There are two answers presidential candidates cannot give to the now obligatory (and deeply offensive) question about their religious faith. A candidate cannot say, “I don’t have any,” and a candidate cannot say, “My faith dictates every decision I make and every action I take.” Rather, a candidate must say something like, “My faith generally informs my moral values, but my judgments and actions as president will follow from the constitutional obligations of the office, not from my religion.” In other words, I too believe in the public-private distinction and I will uphold it. I won’t insist that you adopt my values and I will respect yours. (In short, I’m a liberal.)
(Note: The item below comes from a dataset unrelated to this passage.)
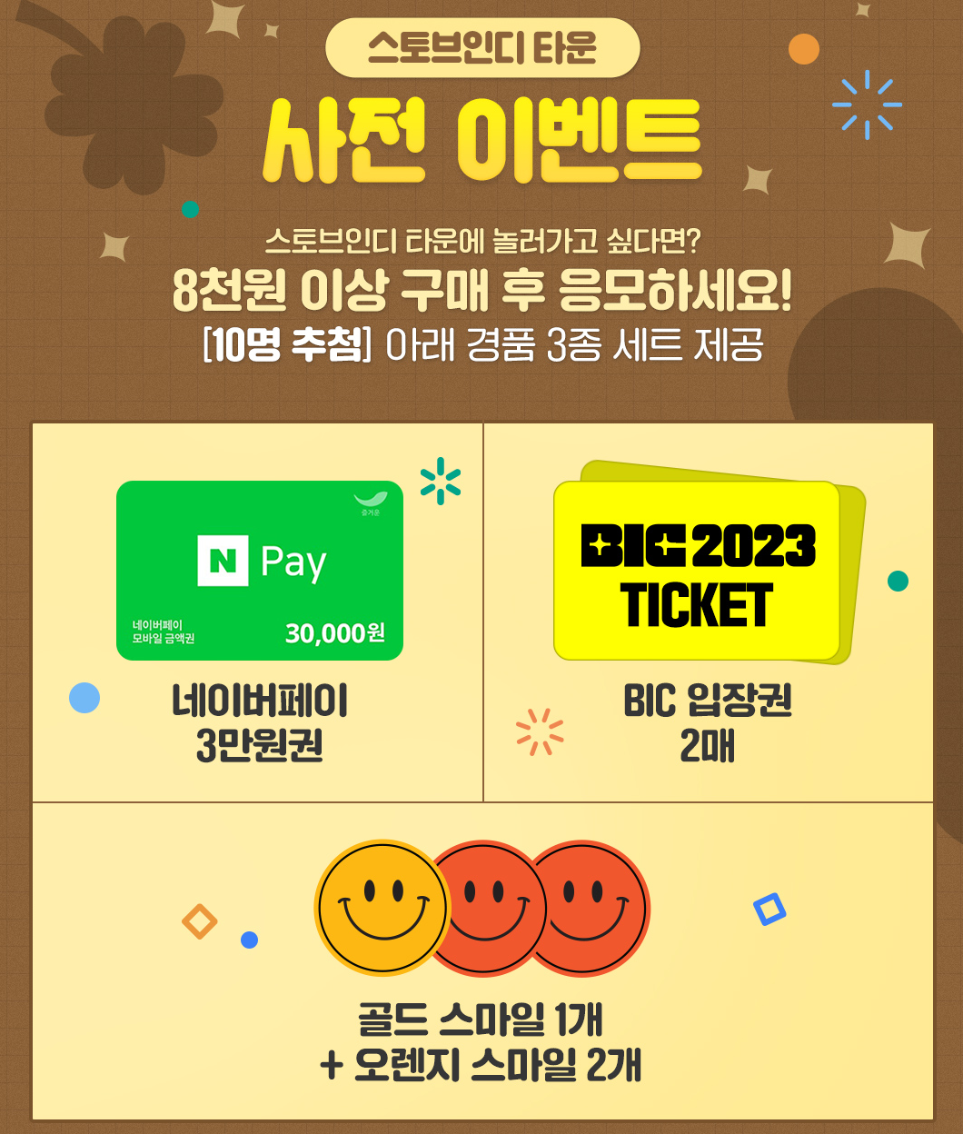 BIC 2023에는 스토브인디 타운이 있습니다. 게임 식으로 설명하면, 스마일을 파밍한 다음 이벤트 상점에서 사용하면 되는데요.

A candidate who didn’t say something like that but instead announced a determination to reshape public institutions in accordance with the dictates of his or her faith would be seen as too closely resembling the Islamic fundamentalists who, we are told again and again, are our sworn enemies. The divide between those who subscribe to a form of politics uninflected by religious faith (except as a pious “add-on”) and those who would derive their politics from faith and acknowledge no distinction between them is not simply national but global. And as Mark Lilla has recently argued (New York Times Magazine, August 19), it is a divide that cannot be bridged either by efforts at education or by the supposedly inexorable drift of history toward modernization and secularization. Lilla’s lesson is that there is no such drift, although messianic liberals (like George W. Bush) continue to believe in it.
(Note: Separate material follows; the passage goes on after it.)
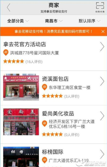 3、点击商户页面,在这里你可以看到所有支持拿去花移动支付的商家信息

What Lilla calls “political theology” - a politics fueled by faith and visions of eternal life - is not going away, and the two standard liberal responses to its growing strength are inadequate. One is comical, although it has had disastrous consequences. It says, let’s tell them about the separation of theology and politics (or lend them copies of Mill and Rawls and James Madison’s “Remonstrance”) and they’ll soon come to want it, too. The second response is to demonize secularism’s opponents as fanatics, fascists and know-nothings, and resolve to stamp them out, a resolve that looks increasingly like a bad bet given the numbers. “It is we,” Lilla reminds us, “who are the fragile exception.”
So secularism isn’t going to win by waiting for what it thinks to be its better arguments to carry the day (politics is neither rational nor Darwinian); and the military option holds out the prospect of more horror than hope. What to do?
One thing we can’t do is appeal to some common ground that might form the basis of dialogue and possible rapprochement. There is no common ground, and therefore Lilla is right to say that “agreement on basic principles won’t be possible.” After all, it is a disagreement over basic principles that divides us from those who have been called “God’s warriors.” The principles that will naturally occur to us - tolerance, mutual respect, diversity - are ones they have already rejected ; invoking them will do no real work except the dubious work of confirming us in our feelings of superiority. (We’re tolerant, they’re not.)
So again, what to do? Lilla’s answer is pragmatic rather than philosophical (and all the better for that). All we can do, he says, is “cope”; that is, employ a succession of ad hoc, provisional strategies that take advantage of, and try to extend, moments of perceived mutual self-interest and practical accommodation. “We need to recognize that coping is the order of the day, not defending high principles.” Now there’s a principle we can live with, maybe.